Extracted data entries
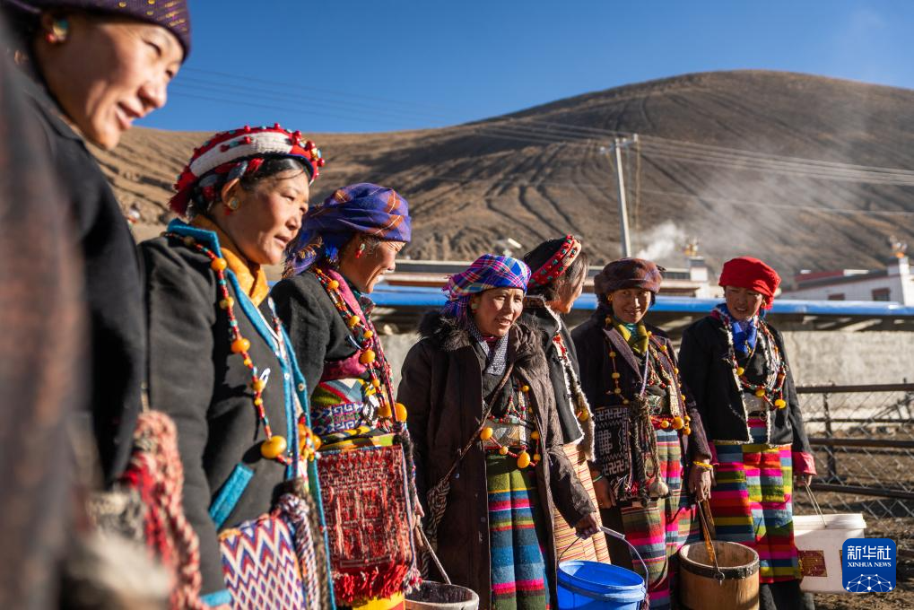 1月13日,時值西藏日喀則一帶傳統(tǒng)的農(nóng)家新年大年初二。坐落于群山間的日喀則市白朗縣東喜鄉(xiāng)思古龍村,延續(xù)傳統(tǒng)習俗,舉行擠牛奶、擲牛角等傳統(tǒng)文體比賽和翻桶接力賽等娛樂活動,以此慶祝新年。
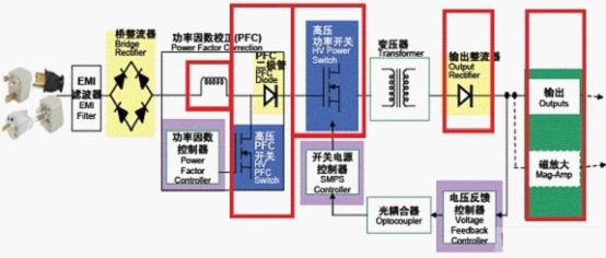 在一個電源設計中,能效規範對電路段的挑戰主要體現在PFC能效、主轉換器能效和次級能效幾個方麵。要提高這幾個方麵的能效,就必須改善如圖1所示電路紅色框中的元件性能。以下將介紹改善電路段能效的幾種方法。
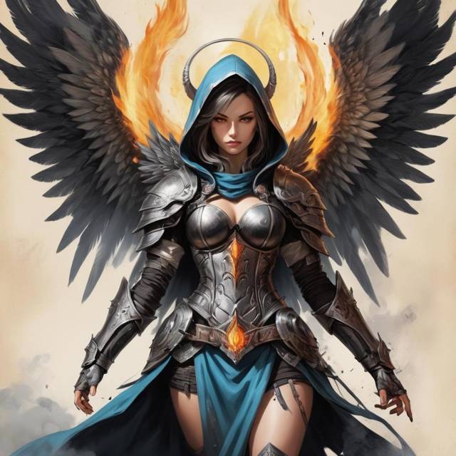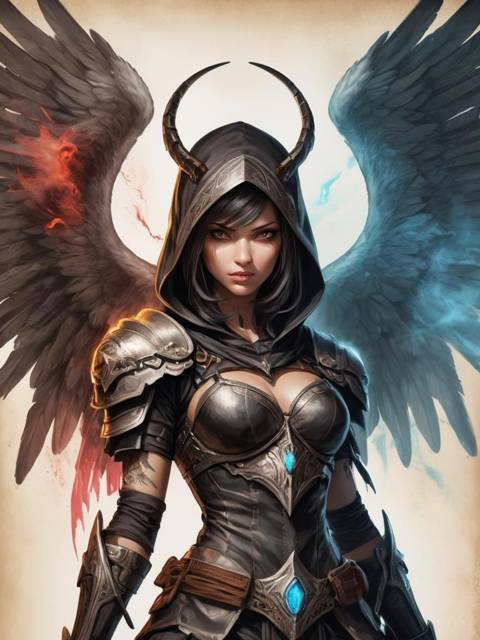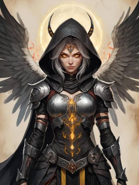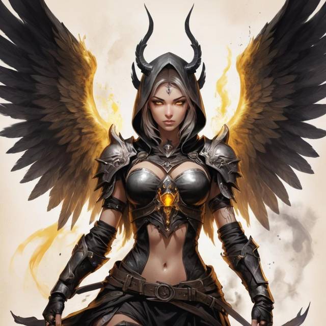 Сначала, когда выпрямился и развернулся к ангелам лицом, я осмотрел ту, которая являлась старшей. У неё было две пары рогов. Причём росли как-то странно. Одни были маленькими, внешними, вторые большими, извилистыми, стремящимися вверх. Во лбу был синий камень, точно не сапфир… я такого ранее не видел. От него исходили волны, которые, похоже, позволяли сопротивляться порче демонов. Глаза светились золотым, вокруг неё витала золотая аура. Вот только крылья были чёрными, словно обожжёнными. Сама же она была частично облачена в броню, а в её груди, над солнечным сплетением, был вживлён ещё один камень, который переливался то красным цветом, то золотым, иногда отдавая чёрным. Её лицо… оно было приятным, притягательным. Строго изогнутые тонкие чёрные брови, белокурые волосы под капюшоном красиво обрамляли её лицо. Тонкий носик, жёсткий взгляд, немного впалые щёки, видимо, из-за голода, а также пухлые губы. Мне её внешность нравилась.
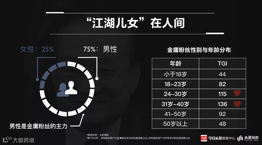 在如此体量的关注下,“江湖儿女”也遍布全国。头条指数显示,31-40岁的男性群体是金庸粉丝的主力,上海则成为“江湖儿女”分布的大城。
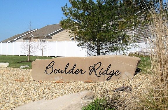 Rare find just listed... 2-story with a 1st floor private master suite! This home is located in 'The Reserve' at popular Boulder Ridge, just down the street from the huge Sunset Park (18-acres!) Home has exceptional curb appeal w/brick accented foundation & full covered columned front porch. Inside is an open plan, French doors to the 'formal-flex' room (living/office/dining), bright kitchen w/bay window dinette area, rich color cabinetry & counters, stainless appliances. Dramatic 1.5 story great room & grand staircase. Foyer w/hardwood, spacious laundry room w/cabinets & folding counter. Master suite w/tall coffered ceiling, WIC, double sinks, jetted tub & separate shower. This plan has a huge full basement, that has had a full finish-out too, over-sized family/rec room, 4th bedroom, hobby/project/bonus room & full bath (plus storage/mech room). Backyard w/true Southern exposure, neighbor privacy fence & patio. This house offers a lot for the money, hurry before it's gone!

◆ Brief ◆
Without any picture, return exactly the lines of the records above from the first through the line that contains "在一個電源設計中,能效規範對".

◆ Reply ◆
 1月13日,時值西藏日喀則一帶傳統(tǒng)的農(nóng)家新年大年初二。坐落于群山間的日喀則市白朗縣東喜鄉(xiāng)思古龍村,延續(xù)傳統(tǒng)習俗,舉行擠牛奶、擲牛角等傳統(tǒng)文體比賽和翻桶接力賽等娛樂活動,以此慶祝新年。
 在一個電源設計中,能效規範對電路段的挑戰主要體現在PFC能效、主轉換器能效和次級能效幾個方麵。要提高這幾個方麵的能效,就必須改善如圖1所示電路紅色框中的元件性能。以下將介紹改善電路段能效的幾種方法。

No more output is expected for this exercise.